In 2016 Nav Sawhney was taking a sabbatical from his engineering career in the UK, volunteering with the charity Engineers without Borders in Tamil Nadu, Southern India. Whilst living there he struck up a friendship with his neighbour Divya.
“When I would come back from work, Divya and I used to catch up on the day’s activities in front of her house. We would spend hours in the evening talking about life and our dreams. While we caught up, she would hand wash her clothes. I was always so shocked at how long and how much effort it would take to conduct the relatively unproductive task. She spends up to 20 hours a week hand washing clothes on her hands and knees and uses around 40 litres of water per cycle. She would complain of back pain, joint pain and skin irritation. She would scrape, scrub, and smash each individual piece of clothing. As an Engineer, I thought this was an incredibly inefficient use of her time and energy. She could use this time educating Sukumar or owning her own business.”
This isn’t an uncommon issue, 70% of the world’s population lack access to a washing machine. Clothes washing is a heavily gendered activity with women often spending many hours of the day hand-washing clothes for their family – preventing many from accessing education or financial independence. In many rural villages, like Kuilapalayam where Divya lives, there is also a restricted electricity supply with power cuts a frequent occurrence.
Nav decided to use his skills as an engineer to set up a social enterprise dedicated to supplying water-saving manual washing machines to support low-income communities in the Global South. When he suggested the idea to Divya, her eyes lit up, and she said she wanted one “as soon as possible.”
Inspired by his friend, Nav went on to found the Washing Machine Project by developing an innovative manual washing machine which he named the Divya. It does not require an electrical supply, has a drum capacity of 5kg and only uses 20 litres of water per cycle.
The Washing Machine Project has now worked across the world including in Iraq where, in 2019, it carried out further research looking into clothes washing habits in Iraqi Kurdistan and the suitability of a manually powered, portable washing machine as a means of improving quality of life in camps for internally displaced people and refugees. The findings showed a real need for effective solutions to save time and ease access and improve health outcomes, with only 40% of people reporting they had access to an electric washing machine. The impact on health of frequent hand washing was also apparent with 77% of respondents saying they suffered from dry skin and many also having issues with their eyes due to the amount of detergent used in handwashing clothes.

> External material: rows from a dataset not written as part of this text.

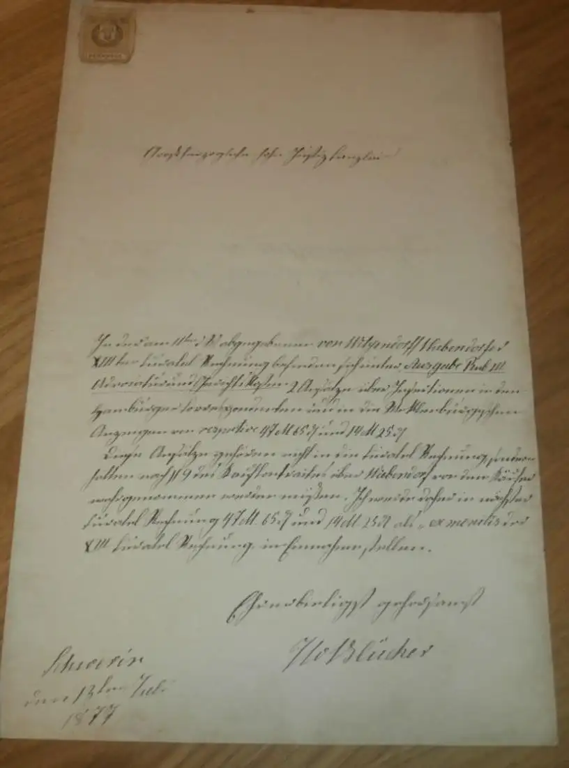 Rittmeister von Blücher in Wiebendorf / Bengerstorf , 1877 , W. von Witzendorff geb. Schliephacke , 2 Seiten , Adel MecklenburgAZ8-a/WR
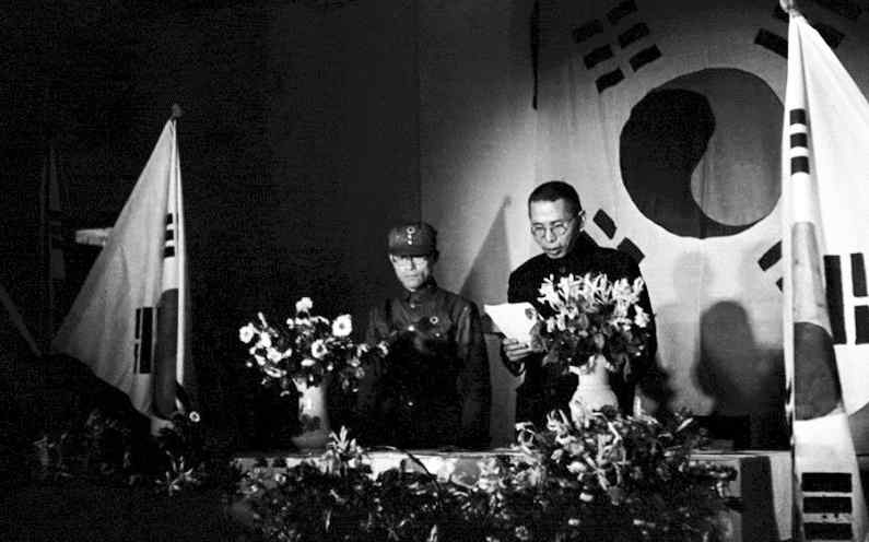 이 사진은 대한민국 임시 정부의 정규군인 (가)의 총사령부 성립 전례식에서 개회를 선포하는 김구 주석의 모습을 찍은 것이다. 충칭에서 열린 이 행사에서 대한민국 임시 정부는 일본에 대한 강력한 항전 의지를 천명하였다.
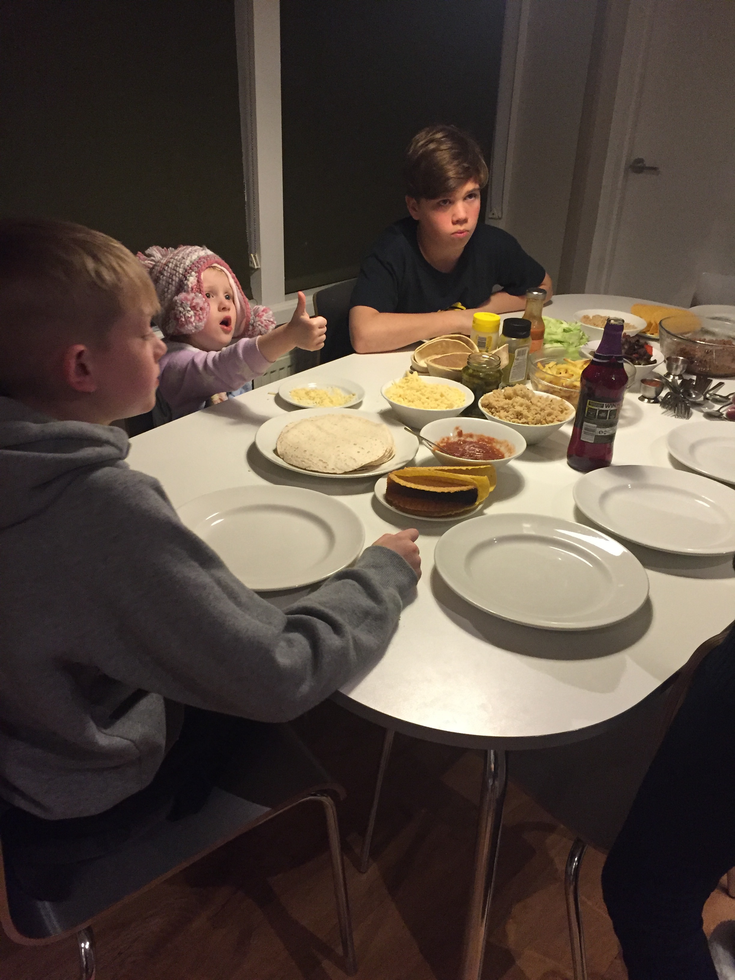 Our first evening, we unpack, settle down in our villa, light a log fire and have our friends round to eat.
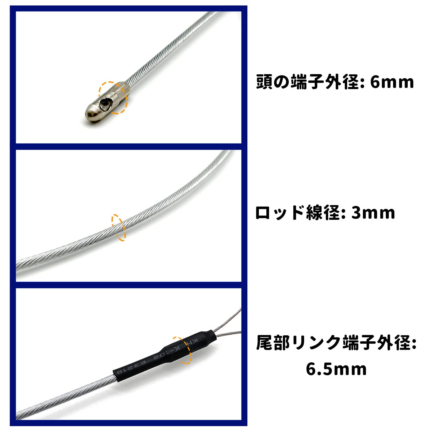 長さ約1.6m、ロッド線径約3mmで、さまざまな場所に対応しています。
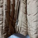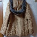 スナップボタンで取り外し可能なフェイクファー付きフードと縦ラインのキルティングデザインが特徴の中綿入りジャケット。
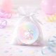 This sticker has an enchanted unicorn with a flowing multicolor mane on a soft watercolor rainbow wash with sparkle accents. This whimsical fantasy design creates a magical look for a girl’s birthday celebration.
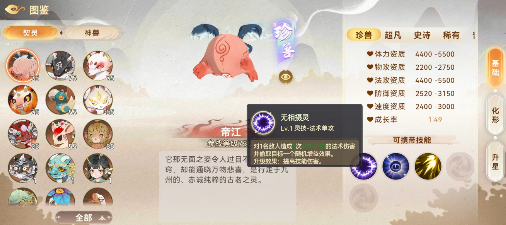 帝江:珍兽品质,主打单体法术压制。其主动技能可对一名敌方单位造成1次基础值为%1的法术伤害,并随机窃取目标1个增益效果。被动“通灵”提供180%法术攻击力加成;另附带法术连击机制,触发概率约10%,最多额外释放1次法术攻击,但每次连击伤害固定降低50%。需注意:多段连击并非线性叠加,实际总伤需结合基础倍率与衰减系数综合评估。
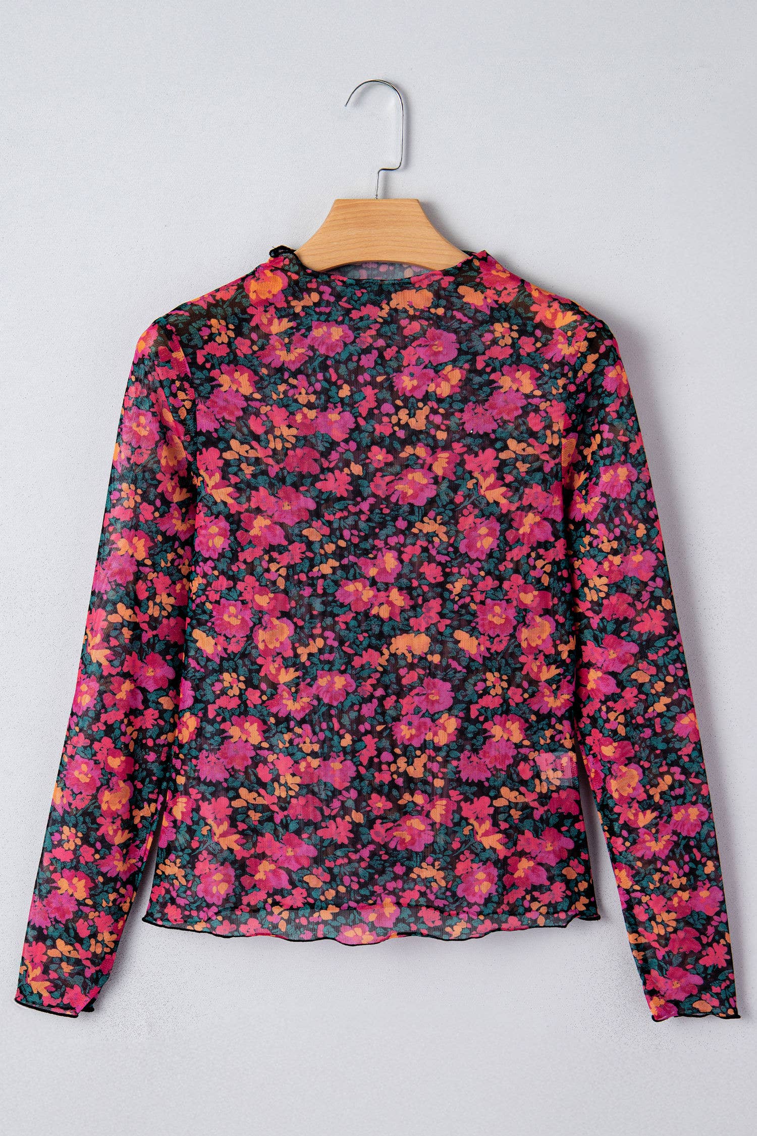 Long sleeves and sheer design create a stylish, lightweight silhouette.
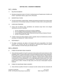 SECTION 03100 - CONCRETE FORMWORK PART 1 - GENERAL 1.1 RELATED DOCUMENTS A. Drawings and general provisions of Contract, including General and Supplementary Conditions and Division-1 Specification sections, apply to work of this section. 1.2 DESCRIPTION OF WORK A. The work of this section includes all labor, materials and equipment required to form all cast-in-place concrete shown on the drawings including, but not limited to, all slabs, beams, and equipment pads. 1.3 CODES AND STANDARDS A. Comply with the following codes, specifications and standards except where more stringent requirements are shown or specified. 1. 2. 3. 4. ACI 301 “Specifications for Structural Concrete for Buildings” ACI 318 “Building Code Requirements for Reinforced Concrete” Concrete Reinforcing Steel Institute “Reinforced Concrete, Manual of Standard Practice” ACI SP-4 “Formwork for Concrete” B. In addition, all formwork shall be designed, erected, supported, braced, and maintained as a minimum according to ACI Standard 347 “Guide to Formwork”. 1.4 RESPONSIBILITY A. The design, construction and safety of all formwork shall be the responsibility of the General Contractor. The Contractor shall also be responsible for determining when temporary supports, shores, backshores, and other bracing may be safely removed. PART 2 – PRODUCTS 2.1 FORMS FOR EXPOSED FINISH CONCRETE A. Unless otherwise specified, formwork for exposed concrete surfaces shall consist of plywood or other acceptable surface. Formwork shall provide a continuous straight and smooth surface conforming to the joint system as specified on the Architect’s drawings. Form material shall have sufficient thickness to withstand pressure of concrete without bow or deflection. Plywood shall be overlaid plywood complying with U.S. Product Standard PS-1 “A-C or B-B High Density Overlaid Concrete Form”, Class I, or plywood conforming with U.S. Product Standard PS-1 “B-B (Concrete Form) Plywood”, Class I, Exterior Grade or better, mill-oiled and edge sealed, with each piece bearing legible inspection trademark. 2.2 FORMS FOR UNEXPOSED FINISH CONCRETE A. Unless otherwise specified, formwork for unexposed concrete surfaces shall be constructed with CONCRETE FORMWORK 03100-1 G-PISD – 2016 Ray Akins Wildcat Stadium Improvements July 18, 2016 WKMC Project No. 15015.01 plywood, lumber, metal or other acceptable material. Lumber shall be dressed on at least two edges and one side for tight fit. 2.3 FORMWORK COATINGS A. Formwork coatings shall be a commercial formulation that will not bond with stain, nor adversely affect concrete surfaces or impair subsequent treatment of concrete surfaces requiring bond or adhesion, nor impede curing with water or curing compounds. Provide a product that has a maximum VOC (Volatile Organic Compounds) of 350 mg/l but not greater than permitted by the local government agency having jurisdiction in the area where the project is located. 2.4 NAILS AND FASTENERS A. Use only galvanized nails and fasteners for securing formwork in structures exposed to weather or unconditioned spaces such as garages, canopies and porte-cocheres. PART 3 – EXECUTION 3.1 FABRICATION AND CONSTRUCTION A. Design, erect, support, brace and maintain formwork to support vertical and lateral loads that might be applied until such loads can be supported by concrete structure. Construct formwork so concrete members and structures are of correct size, shape, alignment, elevation and position. Maintain formwork construction tolerances complying with ACI 347. B. Design formwork to be readily removable without impact, shock or damage ot cast-in-place concrete surfaces and adjacent materials. C. Construct forms to sizes, shapes, lines and dimensions shown, and to obtain accurate alignment, location, grades, level and plumb work in finished structures. Provide for openings, offsets, sinkages, keyways, recesses, molding, rustications, reglets, chamfers, blocking, screeds, bulkheads, anchorages and inserts and other features required in work. Use selected materials to obtain required finishes. Solidly butt joints and provide back-up at joints to prevent leakage of cement paste. D. Fabricate forms for easy removal without hammering or prying against concrete surfaces. Provide crush plates or wrecking plates where stripping may damage cast concrete surfaces. Provide top forms for inclined surfaces where slope is too steep to place concrete with bottom forms only. Kerf wood inserts for forming keyways, reglets, recesses, and the like, to prevent swelling and for easy removal. E. Provide temporary openings where interior area of formwork is inaccessible for cleanout, for inspection before concrete placement, and for placement of concrete. Securely brace temporary openings and patch forms to prevent loss of concrete mortar. Locate temporary openings on forms at inconspicuous locations. F. Chamfer exposed corners and edges as indicated, using wood, metal, PVC or rubber chamfer strips fabricated to product uniform smooth lines and tight edge joints. G. Form Ties: Factory-fabricated, adjustable-length, removable or snapoff metal form ties, designed to CONCRETE FORMWORK 03100-2 G-PISD – 2016 Ray Akins Wildcat Stadium Improvements July 18, 2016 WKMC Project No. 15015.01 prevent form deflections, and to prevent spalling concrete surfaces upon removal. Unless otherwise indicated, provide ties so portion remaining within concrete after removal is 1 ½” inside concrete and will not leave holes larger than 1” diameter in concrete surface. Provide only galvanized form ties in structures exposed to weather or unconditioned spaces. H. Provisions for Other Trades: Provide openings in concrete formwork to accommodate work of other trades. Determine size and location of openings, recesses and chases from trades providing such items. Accurately place and securely support items built into forms. 3.2 CLEANING AND TIGHTENING A. Thoroughly clean forms and adjacent su

That year, The Washing Machine Project partnered with Iraq Response Innovation Lab and Oxfam to install 50 Divyas which have helped displaced people living in refugee camps in Kurdish and Federal Iraq.
Moving forward, the organization plans to install Divya Two, an updated prototype, to several nations by 2021 and has received orders for a pilot with Plan International and Care International in Jordan and Iraq.
As well providing access to effective, resource efficient washing machines, The Washing Machine Project also run educational projects running workshops on the redistribution of domestic work for students in schools and university. The team is also constantly looking at how it can improve the design of their machines to make them easier to adopt by the communities it works to support.
In a few years the Washing Machine Project has grown into a social enterprise which is partnering with some of the world’s biggest NGOs to ensure people have access to these essential devices. This journey all started with the long conversations Nav and Divya would have talking about their hopes for the future. As Nav says “I am accountable to her to make sure this project is a success.”